The Agent Harness Field Guide
This blog audits the code that is actually present in
coding-agents\: how each agent wires models, exposes tools,
runs shell commands, speaks MCP or ACP, and where Claude Code and Hermes
feel fundamentally different from the rest of the field — plus OpenAI's
own Codex CLI, a Rust-native agent with platform-specific sandboxes and
bidirectional MCP support.
What this deep dive covers
The interesting part of coding agents is not the marketing layer. It is the runtime beneath it: whether the tool layer is generic or bespoke, whether shell access is tightly guarded or casually wrapped, whether model support is truly abstracted or just superficially multiplexed, and whether the repo reads like a productized operating environment or a fast-moving integration shell.

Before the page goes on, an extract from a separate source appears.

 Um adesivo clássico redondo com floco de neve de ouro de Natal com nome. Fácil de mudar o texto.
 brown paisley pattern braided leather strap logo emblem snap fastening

I read the local repositories for Pochi, Neovate Code, Mux, Crush, Kimi CLI, Qwen Code, OpenHands, Claude Code, DeerFlow, Hermes Agent (by Nous Research), Codex CLI (by OpenAI), and Open Claude Code 2.0 (a clean-room implementation via AI decompilation), then mapped them against the same questions on every page of this site.
Methodology note
This is a local-only repo study. I did not use outside documentation beyond what is already checked into the worktree. That matters most for OpenHands, where the repo itself says the newer V1 agent core now lives elsewhere.
Repos audited
- Pochi - TypeScript monorepo with vendor-specific model adapters and built-in agents.

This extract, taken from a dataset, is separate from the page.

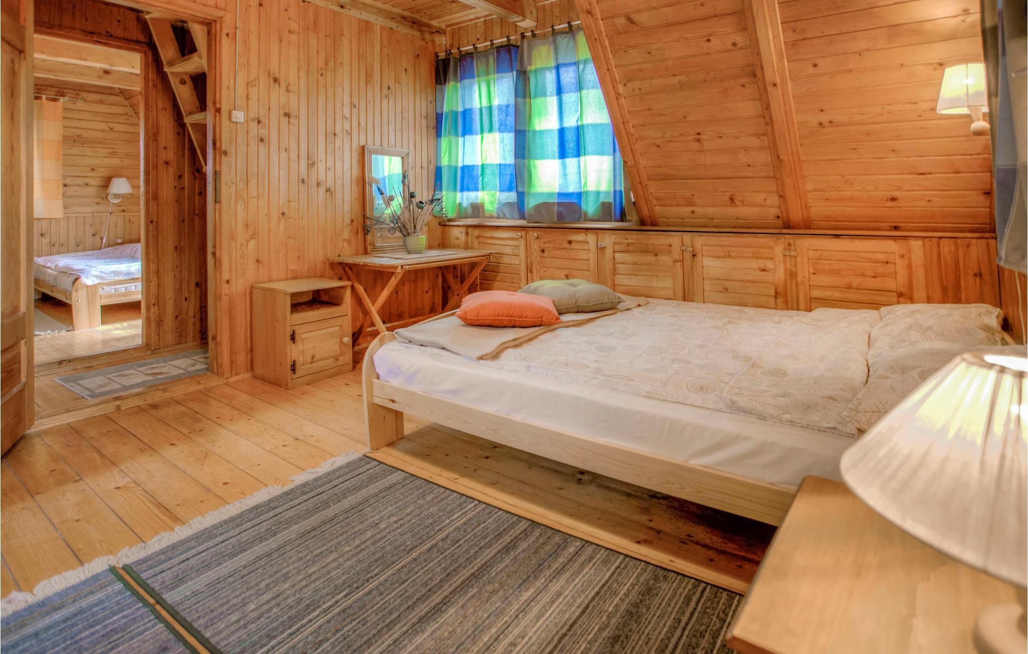 Ihre einladende Unterkunft für bis zu acht Personen liegt nur zwei Gehminuten vom See Tajty in Masuren entfernt. Sie wohnen in einem ansehnlichen, ruhigen Wohngebiet, in dem Ruhe, Naturliebe und Erholung auf dem Programm stehen. Das Haus mit seiner urigen Holzbauweise ist sehr gemütlich, es bietet viel Platz für alle. Sie freuen sich über eine Terrasse, auf der Sie sich entspannen und ins Grüne blicken können. In der Nähe befindet sich ein Spielplatz für Kinder, Fußballtore, und verschiedene Badestellen am See.

- Neovate Code - TypeScript CLI with AI SDK providers, MCP, and hardened bash tooling.
- Mux - large TypeScript desktop/browser agent platform with workspaces and provider routing.
- Crush - Go-based terminal product with custom tools, permissions, and provider metadata plumbing.
- Kimi CLI - Python terminal agent focused on Kimi platform flows plus ACP and MCP bridges.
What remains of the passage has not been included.